In the midst of this tension, Martin’s trying to hold everything together, especially in his attempts to become the anchor for Karin, who’s descending further into darkness. David refuses to see this harsh reality and constantly evades responsibility as a father. Instead, he selfishly records Karin’s experiences in order to gather more material for a novel. He’s a detached creature—removed from his children and life itself.

Minus, who’s finding his own way in this muddled dream-like state imposed by Karin, is both naive and angry. He expresses his sexuality through the pornographic magazines he looks at, and is rendered even more confused when Karin forces herself on him and commits the worst of family crimes—incest.

Morality is not part of this strange family, and even Martin, who sees the inevitability of the coming chaos, is more medically and psychological oriented than existentially and theologically. And yet, without ever telling us, Bergman shows the great themes of Christian faith.

Despite the fact that Karin’s suffering from a medically categorized illness, her madness is relatable. This is why the film functions on two levels: psychologically (dealing with family relations) and theologically (dealing with an individual’s relation to God). Karin may see God as an ugly and frightening spider who’s trying to penetrate her, but even this bizarre experience with faith reveals a mystical quality about Karin’s desire to know God and to unite with him.

David, Martin, and Minus are not mad in the clinical sense but each one of them has a distant and remote relationship with God. They’re desperately seeking to communicate with each other but the entirety of their being is stuck in an in-between state unable to make concrete decisions, especially the ones about the possibility of knowing God. What binds them together, paradoxically and hopelessly, is Karin’s madness.

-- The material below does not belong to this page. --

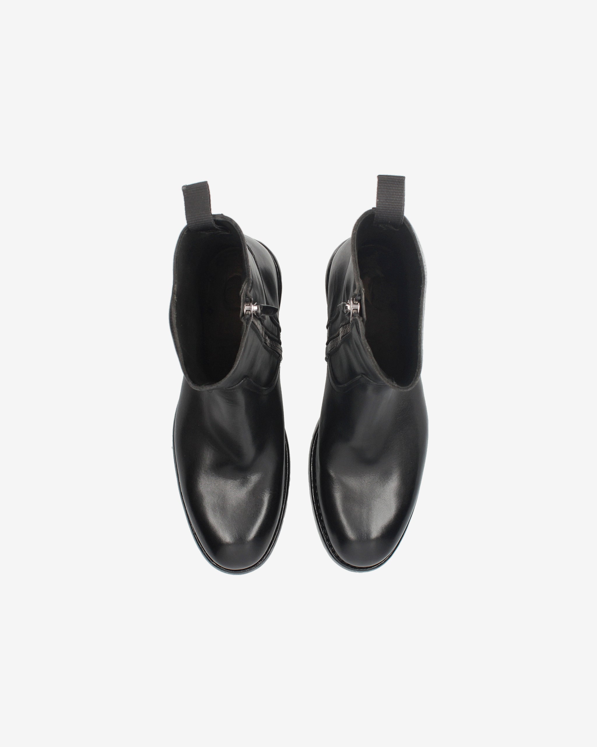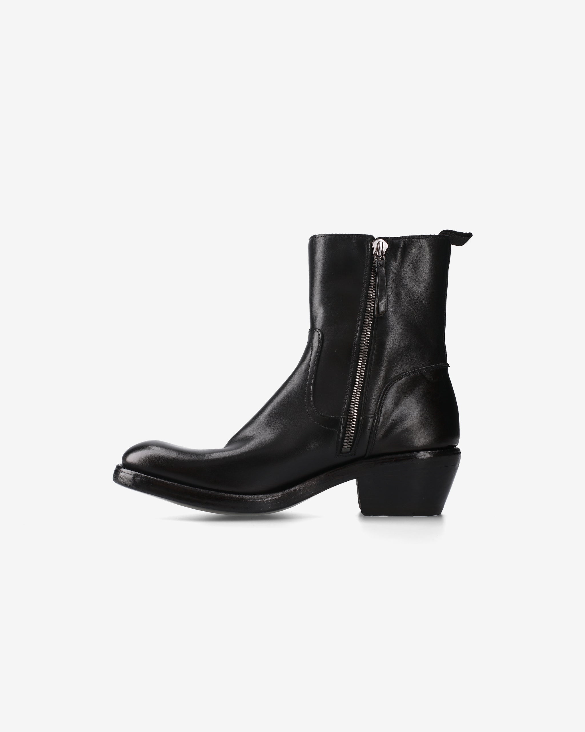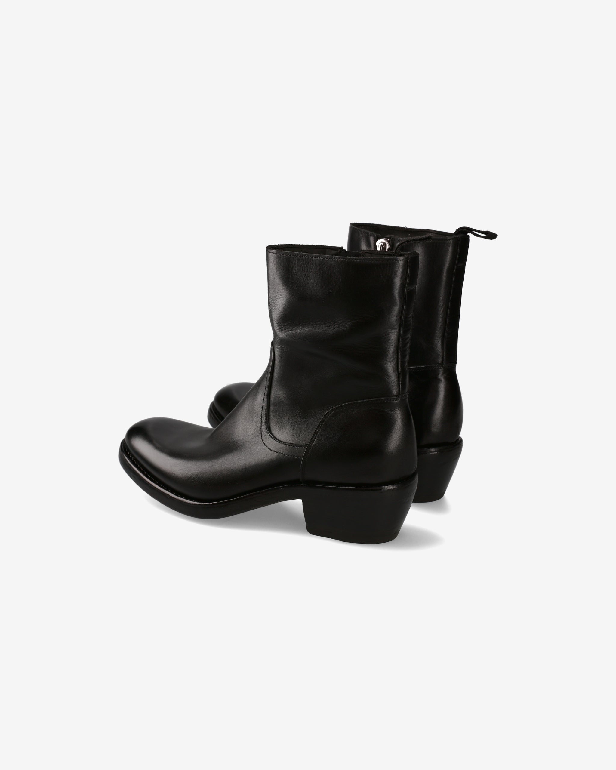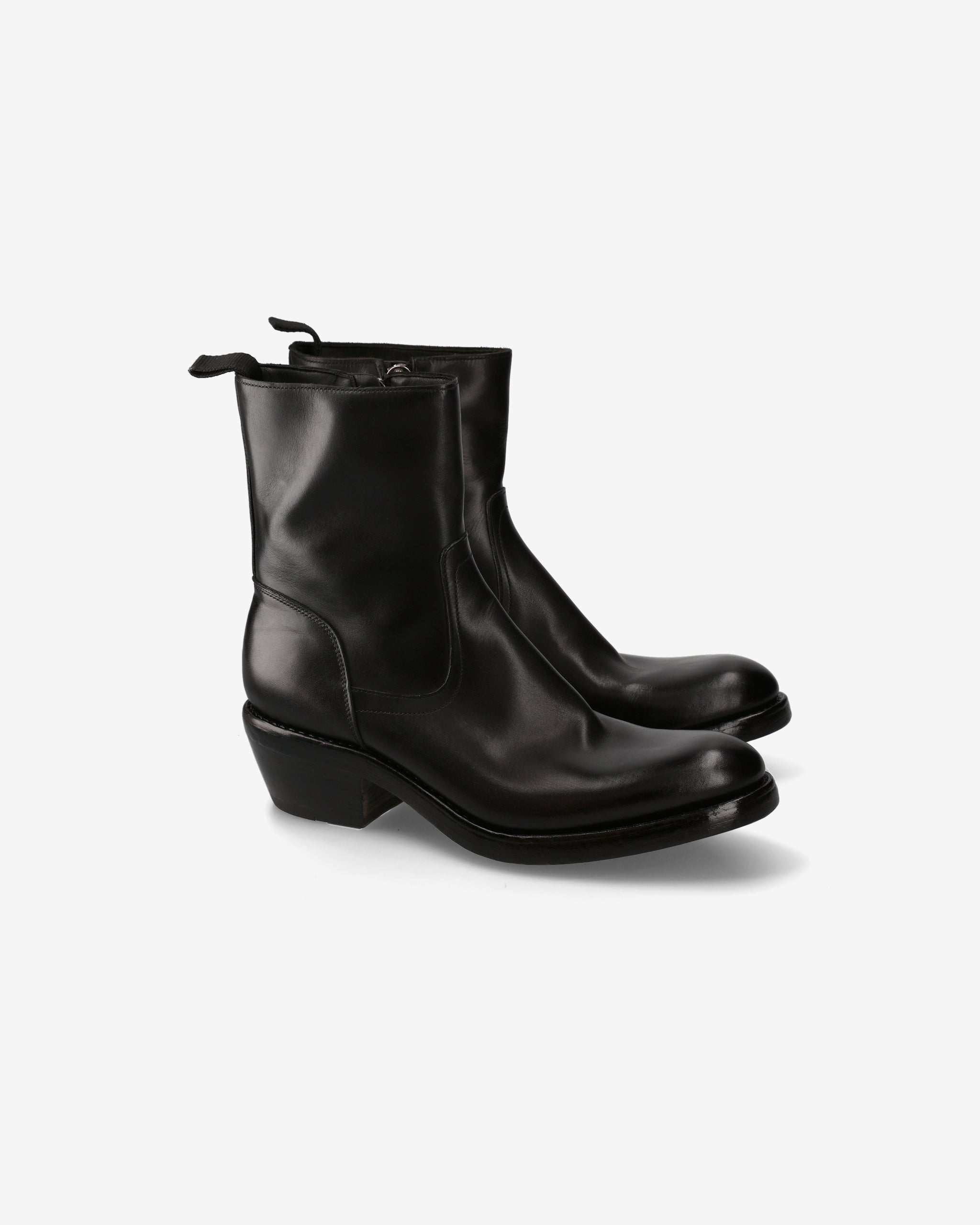 Comfort and style are in perfect symbiosis in our handcrafted Texan boots, made of fine black garment-dyed horse breech. The essential and timeless lines make them a contemporary classic, with distinctive details such as the rounded blunt toe, side zipper and Gros Grain pull on the heel. Goodyear Welted construction and a double leather bottom with 50mm Texas heel complete a product with a strong and sophisticated character.

And yet, as the three men try to relate to Karin and her chaotic consciousness, they’re moving toward God. Their only connection to God the Father is Karin, who’s the conduit or a spiritual vessel. But since Karin’s visions are unreliable, their knowledge of God will not only be limiting but also devoid of meaning. They do know, however, that part of the human condition is the journeying from one reality to the next, and at some point, we have to make a choice which reality we wish to be part of. Karin realizes this at the end, when she willingly packs her suitcase and is whisked off by a helicopter to the hospital where, we assume, she’ll stay indefinitely.

What is God? Who is God? Can we have hope in the midst of suffering? Minus desperately asks his father to show him the proof that God exists. David’s not sure but he does equate God with love. Minus is not satisfied with this response and wants to know what kind of love. “All kinds of love,” says his father.

As they stand against the window, boundlessness of the sea behind them, it seems that for the moment, the burden of being has been lifted. Surprisingly, the final words in the film come from Minus: “Papa spoke to me.”

He’s recognized. By asking questions about God’s absence and presence and the fact that David heard his interior cries, Minus feels that he exists and that perhaps hope also exists. The most obvious allusion to this moment of spiritual discernment is that Minus’ implicit and awkward prayer has been heard by God the Father Himself. Faith, which is both spiritual and incarnated, has solidified itself for Minus. The welcome reality of Papa’s love has caused him to pause the disordered existence and emerge out of darkness into the light. For a brief moment, God has spoken back.